(Work task): Once you reach the line containing "ДЕПАРТАМЕНТ МІСТОБУДУВАННЯ, АРХІТЕКТУРИ, КАПІТАЛЬНОГО", return it and every line after it exactly, through the end of the records below, with no pictures.

◇ ◇ ◇ ◇

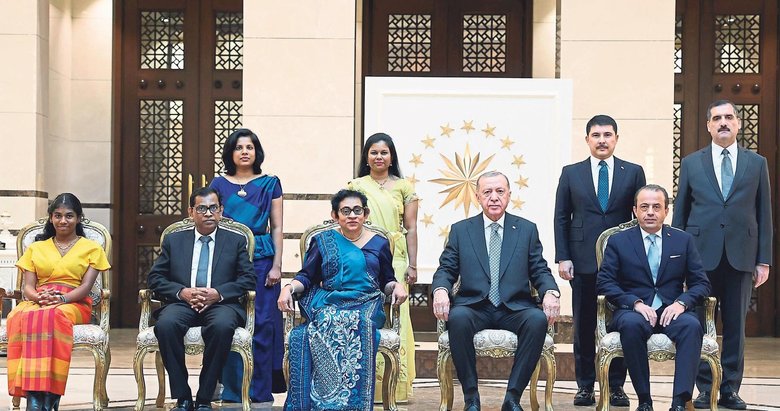 BAŞKAN Recep Tayyip Erdoğan, Sri Lanka ve Uruguay büyükelçilerinin güven mektuplarını kabul etti. Başkan Erdoğan, Cumhurbaşkanlığı Külliyesi'nde Sri Lanka Büyükelçisi Saranya Hasanthi Urugodawatte Dissanayake ve Uruguay Büyükelçisi Hugo Cayrus, İsrail Büyükelçisi Irit Lillian ve Kırgızistan Büyükelçisi Ruslan Kazakbaev'i ayrı ayrı kabul etti. Büyükelçiler, Başkan Recep Tayyip Erdoğan'a güven mektuplarını sundu. Büyükelçiler ve beraberindekiler, daha sonra Erdoğan ile hatıra fotoğrafı çektirdi.
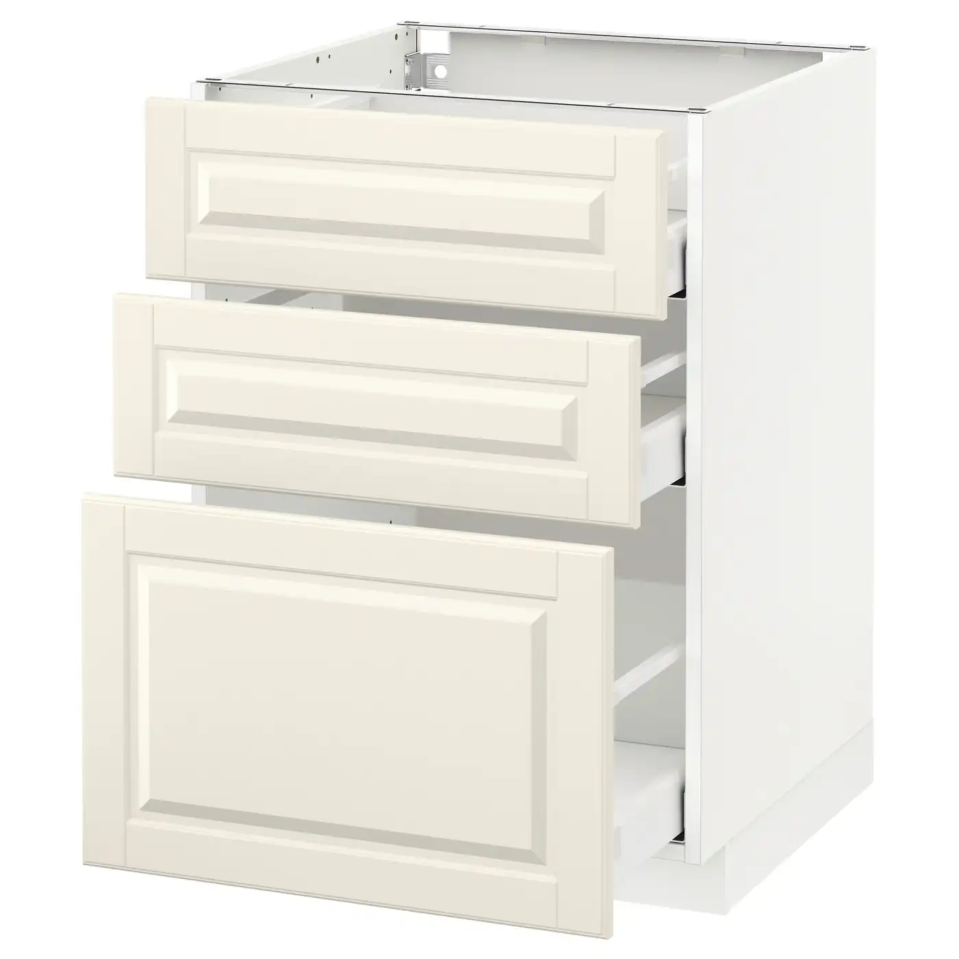 METOD / MAXIMERA Base cabinet with 3 drawers - white/Bodbyn off-white 60x60 cm
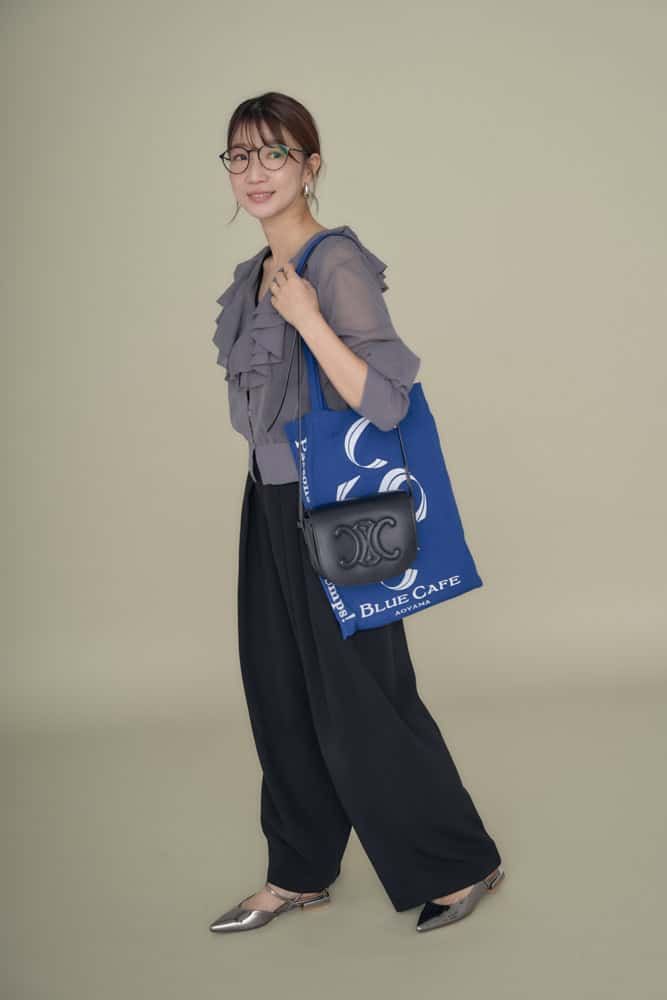襟元には大胆なフリルがあしらったブラウスで、甘さと華やかさを引き立てつつ、パンツとメガネで程よくバランスをとりました。メガネを添えるだけで甘さのあるコーデもきちんと顔モードに。大人で上品なビジネススタイルへアップデートしました。メガネのフレームが華奢なので、カジュアルファッションも大人上品へと導いてくれそう!
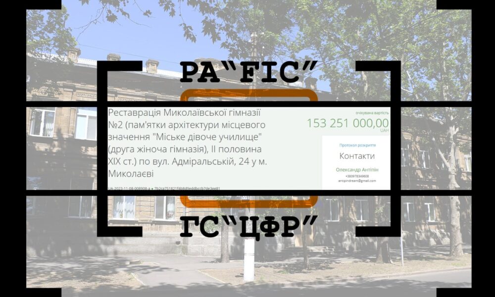 ДЕПАРТАМЕНТ МІСТОБУДУВАННЯ, АРХІТЕКТУРИ, КАПІТАЛЬНОГО БУДІВНИЦТВА ТА СУПРОВОДЖЕННЯ ПРОЄКТІВ РОЗВИТКУ МИКОЛАЇВСЬКОЇ ОБЛАСНОЇ ДЕРЖАВНОЇ АДМІНІСТРАЦІЇ ще 18 листопада провів відкриті торги на “реставрацію Миколаївської гімназії №2 (пам’ятки архітектури...
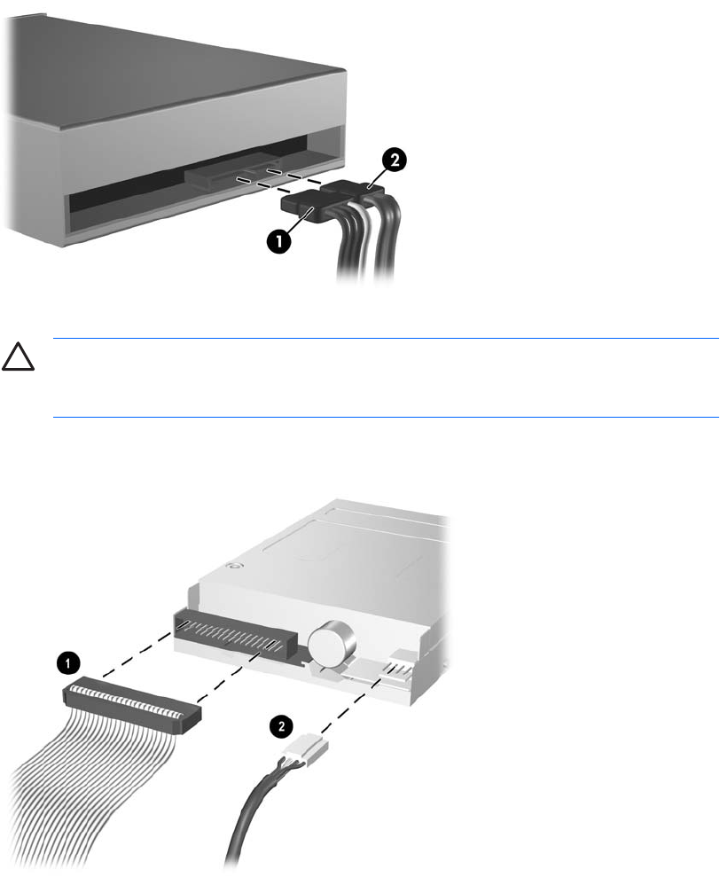 b. Se si installa un'unità a dischetti, collegare il cavo dati (1) e il cavo di alimentazione (2) alla

◇ ◇ ◇ ◇

(Completed exercise):
 ДЕПАРТАМЕНТ МІСТОБУДУВАННЯ, АРХІТЕКТУРИ, КАПІТАЛЬНОГО БУДІВНИЦТВА ТА СУПРОВОДЖЕННЯ ПРОЄКТІВ РОЗВИТКУ МИКОЛАЇВСЬКОЇ ОБЛАСНОЇ ДЕРЖАВНОЇ АДМІНІСТРАЦІЇ ще 18 листопада провів відкриті торги на “реставрацію Миколаївської гімназії №2 (пам’ятки архітектури...
 b. Se si installa un'unità a dischetti, collegare il cavo dati (1) e il cavo di alimentazione (2) alla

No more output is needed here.